The act providing for prohibition in DeSoto certainly can not be regarded as an express amendment to the charter of that town. It makes no reference whatever to the charter or to any of its provisions, but plainly and directly attempts to enact that there shall be total prohibition in the territory lying within the corporate limits of that town. But treating the act as being so far amendatory of the charter as to repeal the provisions thereof conferring upon the mayor and council authority to regulate the liquor traffic therein, including the power to grant liquor licenses, it -would simply result that this authority, hitherto belonging to the mayor and council, has been taken away. The constitutional difficulty of making the act operative so as to prevent the county authorities from granting licenses to sell liquors in DeSoto would still remain. In other words, the constitutional question involved in this case can not be evaded, nor its determination affected, by endeavoring to deal with the act under review as a mere amendment to the town’s-charter.

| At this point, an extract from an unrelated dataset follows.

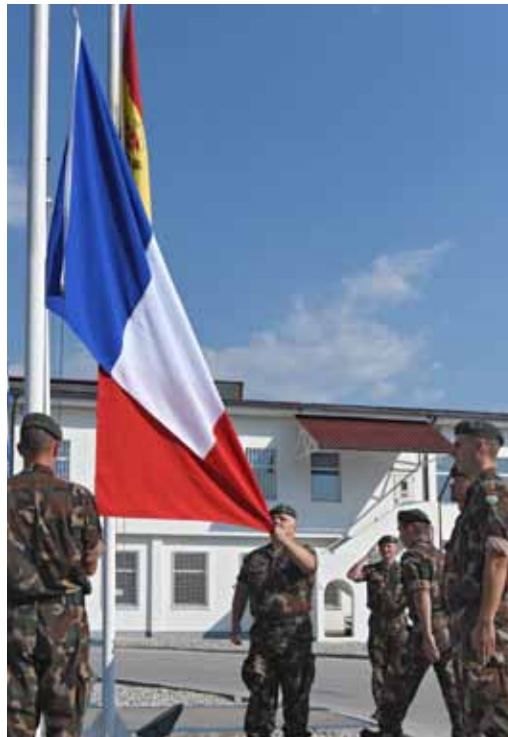
EUFOR soldiers lowering the French flag during the ceremony

The departure of the last French military person from EUFOR brings to an end a commitment that has been unbroken for 23 years. During the course of this service, 116 French soldiers lost their lives, a fact that is recognised by a memorial within Camp Butmir.

*393We are also unable to perceive how the constitutional difficulty can be avoided by reason of the fact that this act is one in the nature of a police regulation. It is, indisputably, legislation of this character. But whatever power the General Assembly may have with reference to enacting laws of such a nature, it niust exercise that power in obedience to the requirements of the constitution. It could, instead of passing the. general liquor option law, have regulated the liquor traffic by special statutes applicable to particular localities. This it in fact did, in instances almost without number, before this general law was passed. When it chose to enact that law, however, and thus put into operation its police powers with reference to the sale of intoxicating liquors, it could no more modify or repeal the provisions of this law by special acts than it could the provisions of any other general law by special legislation. Under the constitution, the General Assembly may provide with reference to any legitimate subject-matter of legislation for a general system applicable thereto. Whenever it does this, the system must operate uniformly throughout the State, and the General Assembly can not, without repealing the general law, indulge in special legislation with reference to this particular subject-matter. In applying the constitutional provision forbidding special legislation in cases where provision has already been made by an existing general law, it can make no' difference to what subject the general law relates. Whether it deals with criminal matters, with taxation, with remedies in judicial procedure, with matters pertaining to police regulation, or with anything else whatever, the constitutional mandate applies in every instance. Of course, in passing the general liquor option law, the legislature did not exhaust or relinquish its police powers over the regulation of the liquor traffic. It still retains the power to alter, amend or repeal that law, provided only that it exercises that power in the manner prescribed by the constitution, viz., by general, and not by special, legislation.

It follows from the foregoing, that the act under review was unconstitutional, and that the trial court erred in holding that it could afford the'basis of a lawful prosecution.

Judgment reversed.

Fish and Cobb, JJ., concurred. Little, J., *394 dissented. Simmons, C. J., was disqualified. Lewis, J., was not a member of the court when the case was argued.